После долгих перемещений и толчей нас прнял норвежский угольщик.

Мы были на судне, а на берегу шло всё тоже – доносились голоса, звуки, грохотали лебёдки… На душе было смутно, тяжело. Юнкера, набившись в трюм, забывались, засыпли тяжелым сном…

Утром мы были в открытом море. Берегов не было видно. Во все стороны простиралась неприветливая, суровая, мутно-зелёная ширь, по которой гуляла и пенилась волна. Над водной ширъю надвисала другая ширь – небо, низкое и хмурое, всё в тяжёлых осенних тучах. Вдали были видны крохотные туманящиеся силуэты и дымы двух пароходов. Дул ветер.

Было тоскливо и пусто. Начался тягучий ничем незаполненный день. Юнкера выходили на палубу, спускались в трюм и вновь выходили на палубу.
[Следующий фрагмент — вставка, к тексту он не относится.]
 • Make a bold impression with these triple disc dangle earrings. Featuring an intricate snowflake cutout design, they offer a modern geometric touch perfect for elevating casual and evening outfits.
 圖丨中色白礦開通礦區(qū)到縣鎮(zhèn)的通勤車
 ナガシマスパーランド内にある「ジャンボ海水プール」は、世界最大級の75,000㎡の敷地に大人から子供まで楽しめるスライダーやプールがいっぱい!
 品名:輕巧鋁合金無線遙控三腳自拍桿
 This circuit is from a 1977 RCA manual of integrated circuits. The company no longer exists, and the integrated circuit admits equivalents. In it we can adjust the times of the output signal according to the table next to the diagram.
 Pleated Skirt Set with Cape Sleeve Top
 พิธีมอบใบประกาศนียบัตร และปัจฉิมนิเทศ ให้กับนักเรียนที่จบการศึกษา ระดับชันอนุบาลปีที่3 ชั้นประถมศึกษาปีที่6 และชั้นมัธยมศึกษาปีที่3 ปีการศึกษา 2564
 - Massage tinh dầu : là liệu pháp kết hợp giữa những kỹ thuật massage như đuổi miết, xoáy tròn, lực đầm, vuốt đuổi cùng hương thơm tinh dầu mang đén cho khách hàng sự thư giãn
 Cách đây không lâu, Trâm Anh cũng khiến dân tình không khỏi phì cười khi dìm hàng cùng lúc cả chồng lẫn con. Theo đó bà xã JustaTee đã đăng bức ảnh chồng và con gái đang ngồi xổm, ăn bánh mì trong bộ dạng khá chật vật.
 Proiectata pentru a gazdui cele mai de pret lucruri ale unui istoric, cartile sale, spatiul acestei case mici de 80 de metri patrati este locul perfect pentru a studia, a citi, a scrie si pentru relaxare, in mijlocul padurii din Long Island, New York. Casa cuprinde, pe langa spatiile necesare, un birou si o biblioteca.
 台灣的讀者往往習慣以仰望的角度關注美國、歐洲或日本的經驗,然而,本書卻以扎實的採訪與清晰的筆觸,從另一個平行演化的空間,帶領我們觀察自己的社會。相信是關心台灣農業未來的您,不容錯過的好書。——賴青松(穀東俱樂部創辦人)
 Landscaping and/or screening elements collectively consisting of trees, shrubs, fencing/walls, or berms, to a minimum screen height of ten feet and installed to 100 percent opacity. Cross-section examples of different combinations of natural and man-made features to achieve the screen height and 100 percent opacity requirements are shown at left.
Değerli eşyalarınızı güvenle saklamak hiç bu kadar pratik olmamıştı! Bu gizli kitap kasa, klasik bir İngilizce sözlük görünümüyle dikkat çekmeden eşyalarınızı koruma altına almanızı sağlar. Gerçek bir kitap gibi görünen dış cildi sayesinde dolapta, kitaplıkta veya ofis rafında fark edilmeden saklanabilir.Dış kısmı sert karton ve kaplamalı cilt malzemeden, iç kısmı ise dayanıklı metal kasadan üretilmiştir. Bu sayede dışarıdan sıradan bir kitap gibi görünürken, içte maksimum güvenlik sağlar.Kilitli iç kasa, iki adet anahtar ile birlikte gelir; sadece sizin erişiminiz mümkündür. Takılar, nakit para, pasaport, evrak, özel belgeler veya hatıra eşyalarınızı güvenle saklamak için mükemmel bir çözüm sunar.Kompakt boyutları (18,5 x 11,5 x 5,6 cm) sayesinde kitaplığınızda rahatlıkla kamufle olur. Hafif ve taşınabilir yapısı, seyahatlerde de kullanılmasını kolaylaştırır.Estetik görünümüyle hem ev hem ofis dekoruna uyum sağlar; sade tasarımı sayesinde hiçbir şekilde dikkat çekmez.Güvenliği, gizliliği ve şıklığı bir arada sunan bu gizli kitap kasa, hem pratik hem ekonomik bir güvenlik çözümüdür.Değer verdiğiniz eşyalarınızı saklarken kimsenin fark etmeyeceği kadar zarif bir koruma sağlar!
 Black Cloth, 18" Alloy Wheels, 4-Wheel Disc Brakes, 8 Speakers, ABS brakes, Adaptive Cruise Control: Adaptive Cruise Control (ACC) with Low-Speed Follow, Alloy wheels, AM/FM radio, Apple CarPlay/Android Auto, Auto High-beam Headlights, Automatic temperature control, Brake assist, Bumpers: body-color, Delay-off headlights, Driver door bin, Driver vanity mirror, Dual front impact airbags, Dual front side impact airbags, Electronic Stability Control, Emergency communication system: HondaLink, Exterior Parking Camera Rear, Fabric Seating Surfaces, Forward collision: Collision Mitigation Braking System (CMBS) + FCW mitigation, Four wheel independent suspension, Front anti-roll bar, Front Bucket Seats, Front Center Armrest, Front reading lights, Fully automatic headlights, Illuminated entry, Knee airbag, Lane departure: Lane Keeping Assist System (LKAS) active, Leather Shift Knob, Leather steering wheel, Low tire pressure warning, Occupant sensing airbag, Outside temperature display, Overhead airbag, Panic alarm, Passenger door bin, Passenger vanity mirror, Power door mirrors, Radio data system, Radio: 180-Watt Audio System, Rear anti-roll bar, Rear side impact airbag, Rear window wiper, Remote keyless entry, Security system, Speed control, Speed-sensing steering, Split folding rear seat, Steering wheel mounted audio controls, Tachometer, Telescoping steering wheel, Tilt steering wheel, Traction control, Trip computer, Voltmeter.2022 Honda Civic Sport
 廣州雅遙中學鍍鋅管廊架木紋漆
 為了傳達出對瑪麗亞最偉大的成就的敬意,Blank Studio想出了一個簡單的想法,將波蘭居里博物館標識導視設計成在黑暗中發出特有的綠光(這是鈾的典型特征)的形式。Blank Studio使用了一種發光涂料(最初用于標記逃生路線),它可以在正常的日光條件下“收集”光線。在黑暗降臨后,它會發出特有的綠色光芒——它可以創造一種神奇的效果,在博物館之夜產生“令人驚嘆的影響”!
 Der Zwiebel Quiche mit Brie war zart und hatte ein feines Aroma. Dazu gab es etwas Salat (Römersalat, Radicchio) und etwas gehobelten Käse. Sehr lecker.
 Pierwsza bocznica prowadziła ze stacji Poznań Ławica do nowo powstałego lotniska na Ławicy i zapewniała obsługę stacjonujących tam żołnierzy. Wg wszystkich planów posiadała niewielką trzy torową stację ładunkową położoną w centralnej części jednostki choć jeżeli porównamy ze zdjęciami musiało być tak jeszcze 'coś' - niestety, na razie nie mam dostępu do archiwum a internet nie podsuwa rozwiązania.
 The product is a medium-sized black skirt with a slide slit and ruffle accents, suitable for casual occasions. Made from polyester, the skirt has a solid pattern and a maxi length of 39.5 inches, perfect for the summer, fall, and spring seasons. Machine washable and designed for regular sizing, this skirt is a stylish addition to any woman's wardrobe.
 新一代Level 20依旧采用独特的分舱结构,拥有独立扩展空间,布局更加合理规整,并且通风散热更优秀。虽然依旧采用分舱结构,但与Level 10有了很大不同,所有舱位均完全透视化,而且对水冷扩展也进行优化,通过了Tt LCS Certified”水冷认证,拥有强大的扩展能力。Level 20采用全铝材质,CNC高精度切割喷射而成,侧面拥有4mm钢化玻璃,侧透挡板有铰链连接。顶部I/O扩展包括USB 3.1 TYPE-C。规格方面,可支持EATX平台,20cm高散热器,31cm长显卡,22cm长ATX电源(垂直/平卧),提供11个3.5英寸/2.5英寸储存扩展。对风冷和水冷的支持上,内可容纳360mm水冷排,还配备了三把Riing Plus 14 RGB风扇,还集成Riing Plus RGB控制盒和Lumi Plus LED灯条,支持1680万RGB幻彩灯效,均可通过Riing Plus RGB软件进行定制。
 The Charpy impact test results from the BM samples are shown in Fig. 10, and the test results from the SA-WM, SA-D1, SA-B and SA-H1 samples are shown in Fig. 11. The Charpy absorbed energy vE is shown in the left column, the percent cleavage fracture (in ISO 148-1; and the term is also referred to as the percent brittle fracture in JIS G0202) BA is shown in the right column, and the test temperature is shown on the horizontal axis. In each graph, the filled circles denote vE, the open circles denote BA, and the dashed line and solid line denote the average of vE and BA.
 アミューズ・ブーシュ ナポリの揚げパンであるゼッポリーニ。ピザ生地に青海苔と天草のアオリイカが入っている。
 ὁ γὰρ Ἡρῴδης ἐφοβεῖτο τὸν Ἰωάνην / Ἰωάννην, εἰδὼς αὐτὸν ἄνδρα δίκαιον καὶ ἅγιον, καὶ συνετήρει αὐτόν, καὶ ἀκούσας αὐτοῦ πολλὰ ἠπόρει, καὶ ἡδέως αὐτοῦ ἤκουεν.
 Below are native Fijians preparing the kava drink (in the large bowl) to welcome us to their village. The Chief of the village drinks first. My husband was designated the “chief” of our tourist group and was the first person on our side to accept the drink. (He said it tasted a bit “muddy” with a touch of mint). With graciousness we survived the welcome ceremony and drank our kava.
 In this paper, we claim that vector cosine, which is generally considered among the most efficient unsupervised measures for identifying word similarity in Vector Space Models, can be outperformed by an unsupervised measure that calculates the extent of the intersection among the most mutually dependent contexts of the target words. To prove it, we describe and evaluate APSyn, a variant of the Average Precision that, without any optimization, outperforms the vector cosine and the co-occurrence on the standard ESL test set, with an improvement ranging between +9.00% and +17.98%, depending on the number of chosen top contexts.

Внизу – в трюме – был всё тот же полумрак, те же досчатые стены обшивки и угольная пыль; наверху – на палубе – всё те же труба и мачты, та же суровая бескрайность моря, те же торопливо несещиеся хмурые тучи…

Серый день тянулся и постепенно начинал клониться к серому холодному вечеру. На палубе стало и совсем неприютно. Юнкера набились в трюм, покотом устлав грязный досчатый настил. В трюме теперь было почти совсем темно. Кое-кто пытался дремать, кое-где велись негромкие разговоры, иные, из запасливых, жевали прихваченную снедь. Те из юнкеров, что накануне туго набили свои мешки и сумки всем, что можно было взять на покидавшихся складах, были заняты разборкой и перекладкой своей нехитрой поживы. В одной кучке, теснившейся вокруг Бог знает откуда добытого огарка, шла карточная игра на потерявшие хождение бумажные деньги… За сутки пути совсем посерела юнкерская масса.

И вруг в трюме, занятом вторым полубатальоном, раздался громкий голос дежурного портупей-юнкера:

– Взводные портупей-юнкера, строить людей на молитву. Наверх, на палубу!

Этот выкрик дежурного в этой обстановке показался нелепым, странным и был встречен недоумённо, почти враждебно. Однако приказ, объявленный дежурным, сейчас же был подхвачен взводными, и с разных концов трюма послышались голоса :

– Выходи на молитву! Строиться на молитву!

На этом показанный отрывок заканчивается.